Dans son livre intitulé Les Jeux de l’esprit (1971), Boulle imagine ce que Saint-Simon avait proposé un siècle auparavant dans ses Lettres d’un citoyen de Genève (1802) : un monde gouverné par un groupe de savants, le “conseil de Newton”, et une humanité vouée à la production et à la science. Chez Boulle, le conseil de Newton a seulement été renommé le Gouvernement scientifique mondial (GSM).

Oh que cela plairait à tous les scientistes d’aujourd’hui ! En effet, écrit Pierre Boulle,

les savants étaient arrivés à considérer qu’ils formaient de par le monde la véritable internationale, la seule valable, celle de la connaissance et de l’intelligence. La science était pour eux à la fois l’âme du monde et la seule puissance en mesure de réaliser les grands destins de celui-ci, après l’avoir arraché aux préoccupations triviales et infantiles de politiciens ignares et bavards. Alors, au cours de nombreux entretiens amicaux, presque fraternels, était peu à peu apparue la vision d’un avenir triomphant, d’une planète unie, enfin gouvernée par le savoir et la sagesse.

Car une seule chose animait la communauté des savants :

l’idéal connaissance était le pôle commun à tous les esprits scientifiques de cette époque. Pour les physiciens, il s’agissait d’une véritable religion ; pour les biologistes, d’une sorte d’éthique, un acte gratuit dont il sentaient confusément la nécessité impérieuse pour échapper au désespoir du néant.
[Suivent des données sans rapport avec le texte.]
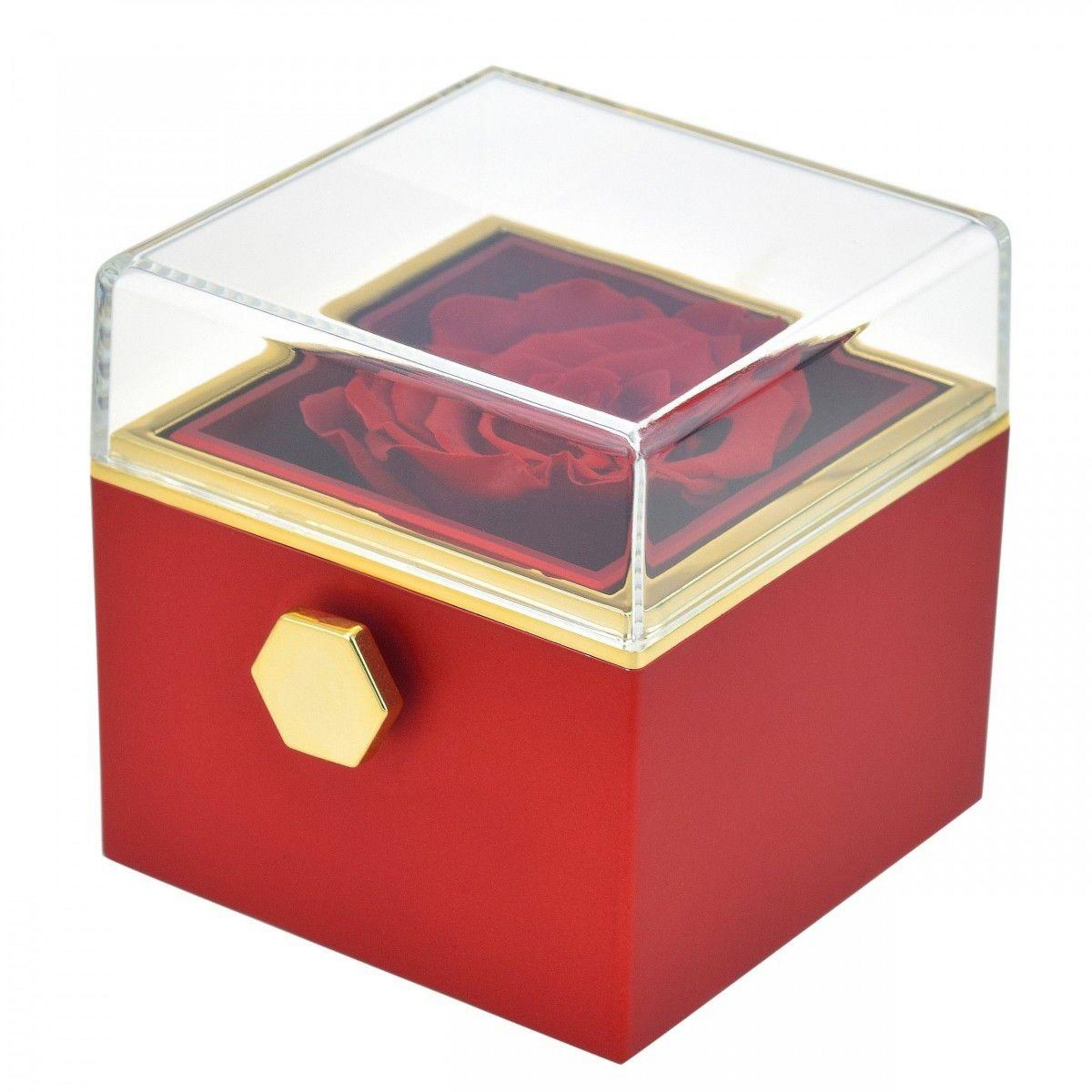 Boite à bijoux surprise décorée d'une rose éternelle - stabilisée rouge

Les uns et les autres estimaient que cette connaissance totale ne serait atteinte que par les efforts conjugués de l’humanité toute entière.

Or les savants sont partageurs. Comment pourraient-ils garder pour eux un tel idéal de connaissance et de sagesse ? Les voici donc lancés dans un programme de prise de conscience scientifique du monde. Car ils ne veulent plus refaire les mêmes erreurs et tiennent à éviter l’écueil dangereux, autrefois sarcastiquement signalé par les romanciers d’anticipation : le partage de l’humanité en deux classes, les savants et les autres, ceux-ci condamnés aux travaux grossiers et utilitaires, ceux-là enfermés dans une tour d’ivoire, bien trop exiguë pour permettre l’épanouissement total de l’esprit.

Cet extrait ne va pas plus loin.